Anne,tam bir anne...
Asla annelik yapamaz demiştim onun için...Çok ufak kaldı ve zor doğum yapmıştı...Ve yavruları belki yaşamaz demiştim ama inanın yanlarından bir dakika bile ayrılmıyor....Hele şimdi öyle hareketlendiler ki,mır mır peşinde herbirinin....Yabancı bir kedi gördü mü,adeta parçalarcasına üstüne atlıyor.O sesi çıkmayan kedi ,başka bir kediyi panter hırçınlığı ile yaklaştırmıyor yavrularının yanına....

Bahçede,bıdı bıdı oynayan 4 yavru kedi....
Çok keyifli bir seyir...

4 Ağustos 2009 Salı

Sandaloz Sakızı.....




İlk duyduğumda,yine uydurulmuş birşey sanmıştım.

Hele zayıflamaya karar verdiğim zaman,tüm önerilere kapalı oluyorum ben.Özellikle de kimseye söylemeden kitlerim kendimi yiyeceğe karşı.Kimseye söylemeden başlarım ki,müdaheleler olmasın ve "hani diyetteydin,onu niye yiyorsun bunu niye yiyorsun"denilmesin diye.Ya da "şunu ye,bunu ye" denilmesin gibi..

Kızkardeşimin arkadaşlarından Pınar (kötü gün dostlarından),bir sohbet sırasında sandaloz sakızından bahsetmişti ve bana önermişti.İlgilenmiyormuş gibi yapmış olacağım ki,pek üstünde durulmadı o sıralar...

Sandaloz sakızını deneyenlerin yazdığı herşeyi okudum.Ve başladığım diyete destek olsun diye ,kızıma Beşiktaş'a gittiği bir gün aktardan aldırdım.500 Gramına 3 TL vermiş.Kilosu 6-7 gibi yani...Görüntüsü limon tuzu gibi,tadı çok tadsız,şeker yer gibi ağzınızda kırıp toz haline getiriyorsunuz.

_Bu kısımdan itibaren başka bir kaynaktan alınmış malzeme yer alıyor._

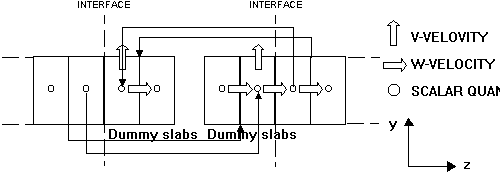 The need for the additional two slabs is based on the staggered-grid geometry that PHOENICS uses for the velocity components. The exchange of the boundary values proceeds in a parallel manner when synchronous communication is used.
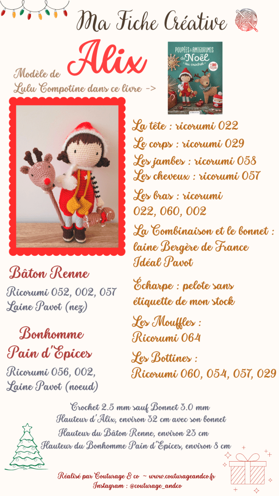 Ma jolie Alix, ses petits compagnons et moi allons vous souhaitez une jolie et douce fin de soirée, nous avons encore fort à faire pour aider le Père Noël à garnir sa Hotte pour gâter mes proches ! Je suis ravie de partager avec vous ma petite fiche créative si vous souhaitez une jolie Alix !

Aç karnına 1 cm büyüklüğünde alıp ağzımda kırıyorum,Büyük bir bardağa bir yemek kaşığı kadar elma sirkesi koyup,ağzına kadar su doldurup içiyorum.

Üç öğün içenler varmış.Ben sadece sabahları alıyorum.Aşağı yukarı 1,5 aydır kullanıyorum.Ve her sabah evin içinde 1000 ile 5000 arasında değişen adımlar atarak hareket ediyorum.Akşamları fırsat buldukça 45 dakika yürüyorum.Hemen hemen her şeyi yiyorum ama daha önce yediklerimin yarısını yiyorum ve gün içinde 6 zaman dilimine bölerek yemeye çalışıyorum.VEEE,bu süre zarfında 10-12 kg verdiğimi düşünüyorum...

Ben hiç bir işimde kendimi strese sokarak ve çok yasaklı bir alışkanlıklarım olmamıştır.Yıllar önce bir ayda 23 kilo verip,zatürre olduktan sonra,sıkı diyetlerden uzak durdum.Aslında o zamanlarda da,kendimi farkında olmadan iştahsız yapmıştım.Alışkanlık şeklinde...Çok büyük bir hataydı...
Şimdi kendime 1 ya da 1,5 (2 olabilir)yıl verdim.Bu zaman zarfında 60 kg ma kadar inmeyi düşünüyorum.
50 yaşındayım ve kontolsüz ve ezbere diyetlerle geçirecek zamanım yok.Ani ölümlerin sebebi,çabuk kilo vermek için gelişigüzel diyetlere başvurulmasıdır.Ya da şeker gibi,böbrek hastalığı gibi kalıcı hastalıklara sebep olmasıdır.

BEN BİR OBEZİM!

EVET!

Önce bunu itiraf ederek başladım ben...Çünkü 100 kg civarındayım.Hiç tartılmam ben,ama bu kilo civarında olduğumu biliyorum.Ve zayıflama kararı aldım...60 kg olana kadar da tartılmayacağım.Çünkü" ben zayıfa zayıf demem,zayıf incecik olmayınca"diyerek kendimce bilge laf ederek zayıflamaya çalışanları gıcık ettiğimi bildiğimden , bu sözün arkasında durmam gerekiyor... :-)).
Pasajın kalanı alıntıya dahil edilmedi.